**Your task**
The task for the listing below is to write out exactly the lines starting at the one containing "1SLDK + 2WIC/58.38㎡" and ending at the one containing "意味不明あだ名 | 『とにかく怪しいかねやままき』 |", both included. Pictures are to be omitted.

**Supplied entries**
·····
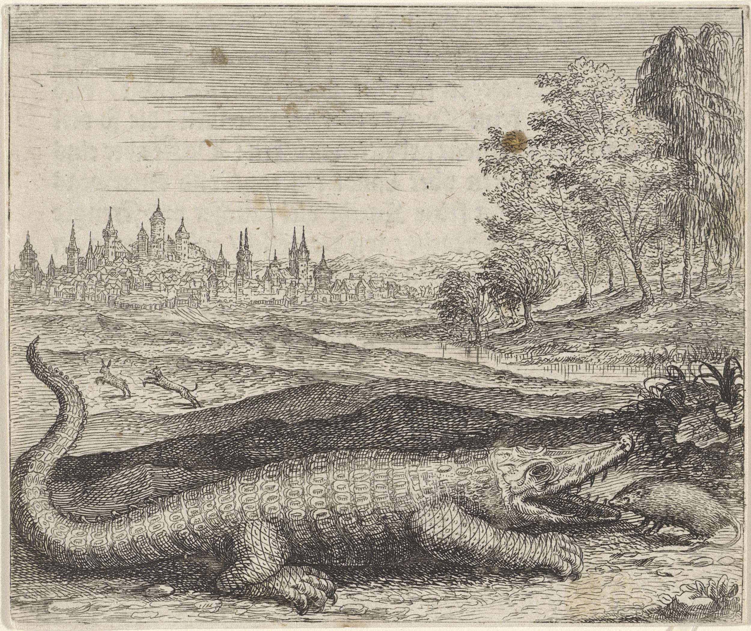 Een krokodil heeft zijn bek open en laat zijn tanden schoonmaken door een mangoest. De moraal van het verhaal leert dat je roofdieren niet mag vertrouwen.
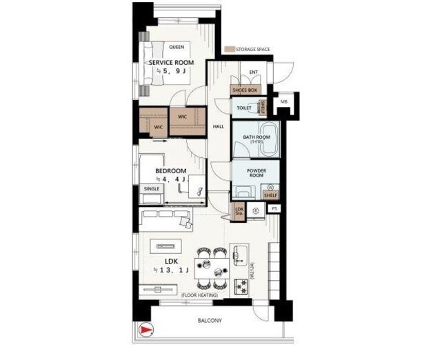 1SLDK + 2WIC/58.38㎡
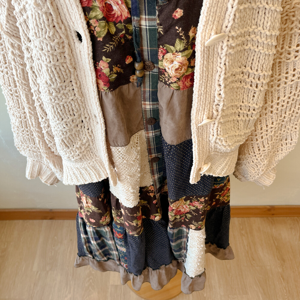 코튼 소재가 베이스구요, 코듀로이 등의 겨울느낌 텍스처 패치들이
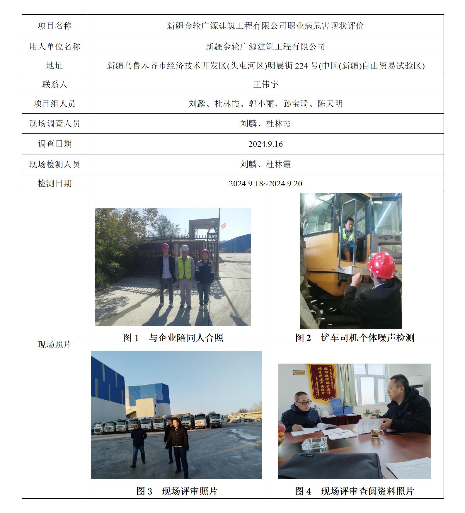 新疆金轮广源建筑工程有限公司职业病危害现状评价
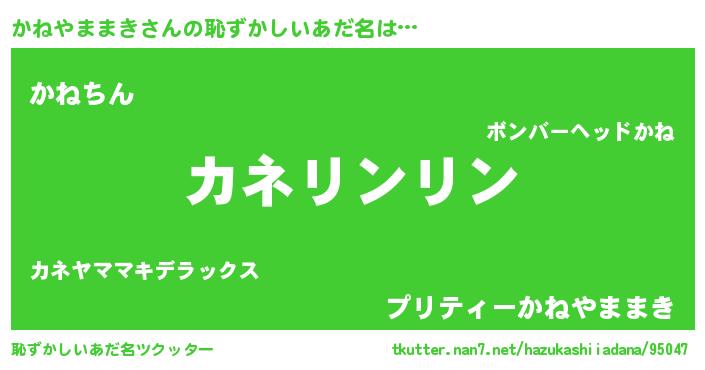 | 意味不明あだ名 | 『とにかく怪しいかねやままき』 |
·····
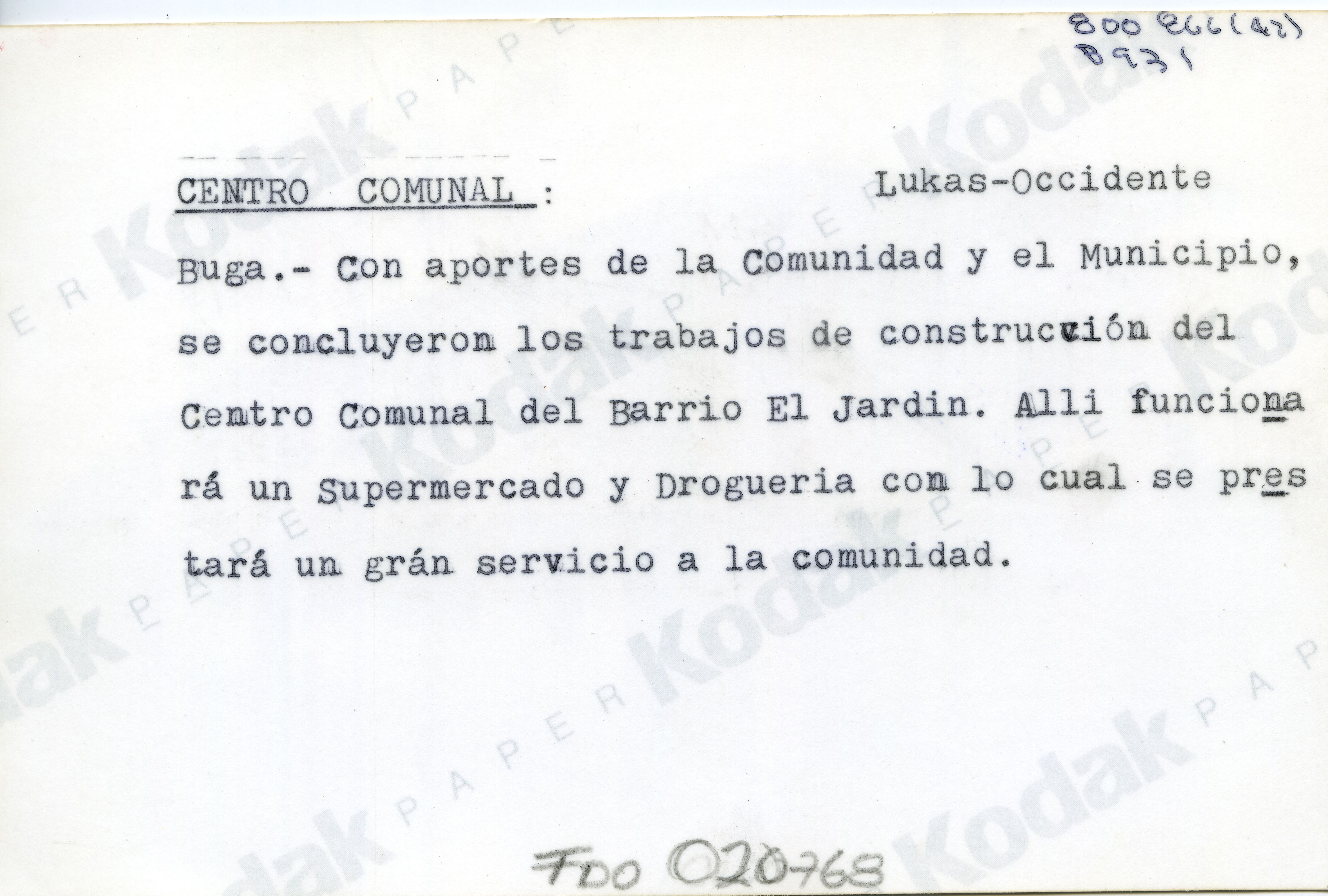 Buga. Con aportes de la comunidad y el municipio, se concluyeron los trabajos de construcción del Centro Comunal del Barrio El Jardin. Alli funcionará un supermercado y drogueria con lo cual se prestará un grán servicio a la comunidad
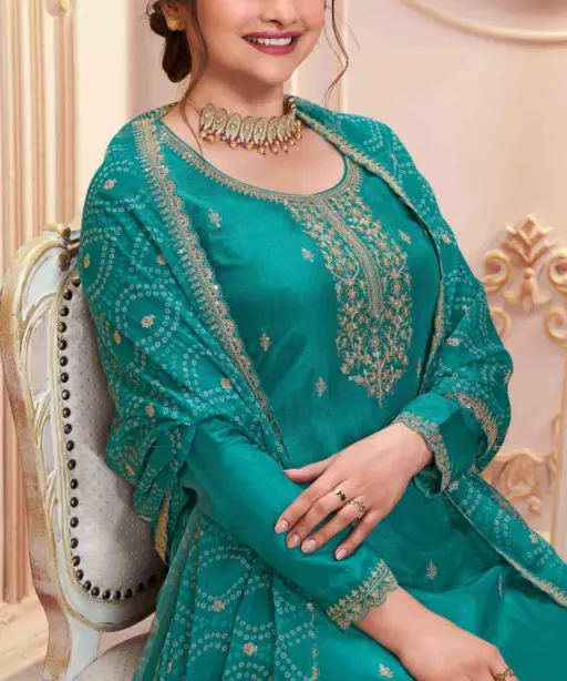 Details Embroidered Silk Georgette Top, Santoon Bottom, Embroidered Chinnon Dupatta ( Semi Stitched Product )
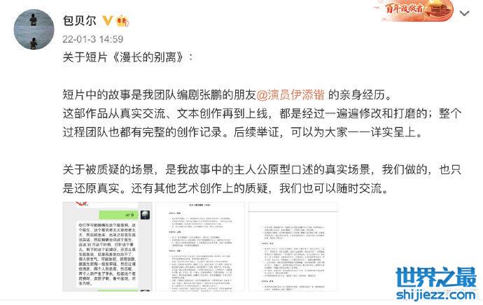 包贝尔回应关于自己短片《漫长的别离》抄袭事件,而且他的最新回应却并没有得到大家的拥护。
·····
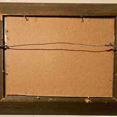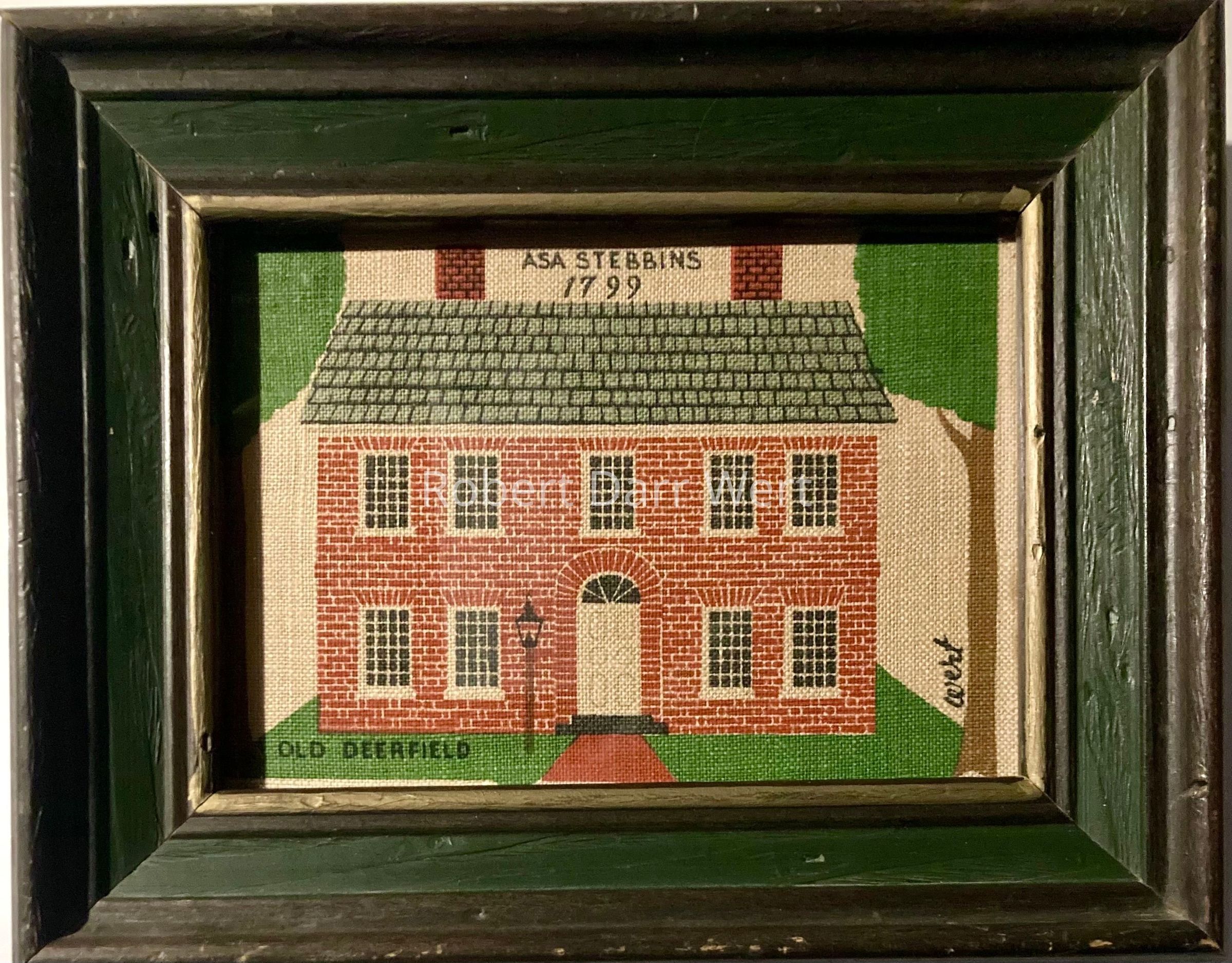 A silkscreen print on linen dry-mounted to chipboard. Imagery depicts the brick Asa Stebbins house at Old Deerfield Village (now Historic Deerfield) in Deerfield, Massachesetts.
·····
**Solution for this exercise**
 1SLDK + 2WIC/58.38㎡
 코튼 소재가 베이스구요, 코듀로이 등의 겨울느낌 텍스처 패치들이
 新疆金轮广源建筑工程有限公司职业病危害现状评价
 | 意味不明あだ名 | 『とにかく怪しいかねやままき』 |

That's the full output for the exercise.